Summary: The beautiful old hymn "Will you come and follow Me" asks us all to consider our call from Christ, both as believers and as church families.

Will You Follow?

Last week we sang a hymn that we have sang before. Will You Come and Follow Me was one of the opening songs and I found myself lost in it for the first time. I ‘felt’ the words as I made my feeble attempt to sing. The words to this hymn are comprised of an invitation from Christ to all of us. The hymn is also called The Summons, and it gives the response that we would give if we were speaking with Christ in person. I think last week, because I was really caught up in the words of this hymn, I had the very real feeling that I was in fact speaking personally to Christ. I thought it was worth while having a look at it this week.

Will You Come and Follow Me by John Bell is a hymn that speaks of commitment and discipleship to the call of Christ. The truth is that Christ's call changes the one being called even as the disciple changes the world by giving witness to our Saviour by word and deed. The first three stanzas are the Saviour's call and summons to discipleship. The final stanza is the Christian's response to Christ's call. (today I am using the four verse version).

Will you come and follow Me if I but call your name?

There is a question for all of us to ponder. Has God ever called your name? This, of course, is not meant to be a literal calling of your name – but it is a real question about our relationship to God. Have you ever felt a thought come over you that God was tapping you on the shoulder, getting your attention; calling you? Have you ever felt the nudging of the Holy Spirit moving you away from a thought or situation that you knew to be wrong? What about when you think of your eventual life’s end. This calling of your name is really the Holy Spirit moving within you. It is a real and important call.

When we get that call, and all of us at one time or another have felt it, we need to stop and take a breath and consider that call.

The second line of the song says, “Will you go where you don’t know and never be the same? That simple line describes the awakening of a non believer to the reality of Christ, and all that comes with it. It carries with it a fantastic image of one entering into a relationship with their Saviour even though there is nothing familiar about it. Hebrews 11 tells us, “faith is being sure of what we hope for and certain of what we do not see.” This image of going where you don’t know is the faith journey to take you to the certainty of what you humanly can not see.

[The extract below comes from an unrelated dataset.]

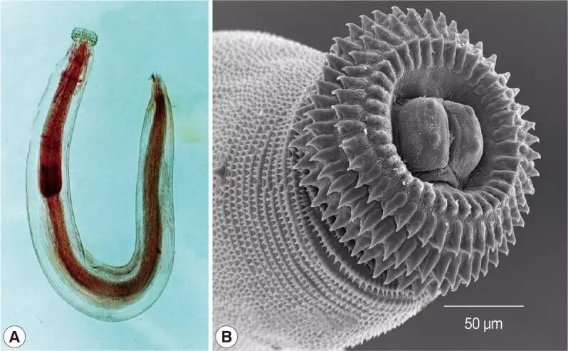 人并非颚口线虫的合适宿主,但它仍然可以在人体内存活相当长久,会移动的皮肤肿块是颚口线虫病的一个主要症状。图片:parasitol.kr

The third and fourth lines in this invitation assure us that we are, in the act of having faith in Christ, allowing Him to show us His love for us and He asks us to know His name – Know that He is our Saviour.

The last line asks the believer a flat out question; Will you let My life be grown in you (will you let Christ in) and will you let your life be grown in Him, Jesus Christ. This is the fundamental invitation that Christ makes to everyone. “Will you let Me into your life and let Me show you the love that I have for you?” The promise in this first verse is that if we yield to the urgings of the Holy Spirit, the feelings that we all have at one time or another, we will realize this ‘offered’ relationship with Jesus Christ – and we will never be the same.

It also tells us that we will “grow.” Our faith and ability to rationalize this life will grow. Our acceptance of challenges and trials on this earth will be greater and with faith, easier to bear.

This hymn reminds us of the journey that we take in faith. The first line of the second stanza asks the key question. “Will you leave yourself behind if I but call your name?” Once we accept the invitation to have Christ in our life, it resembles

2 Corinthians 5:17, where Paul talks about becoming a new creation. Paul tells us again in Colossians about what happens when we “leave our self.” “You have put off the old person with their deeds, and have put on the new person who is renewed in knowledge according to the image of Him who created him" (Colossians 3:9-10).”

Part of this “leaving the old behind” is addressed later in this stanza when Christ asks us directly; Will you care for cruel and kind? Will you care for your brothers and sisters – making the conscious decision to leave their failings and attributes to God, and help them regardless? Can you stop judging long enough to care for them both physically and spiritually? Will you risk the hostile stare – or worse will you risk your life (which can mean your comfort) should your caring attract the negativity of others or even the shunning of those who disagree with you. Can you believe that you are in fact a “new creation?”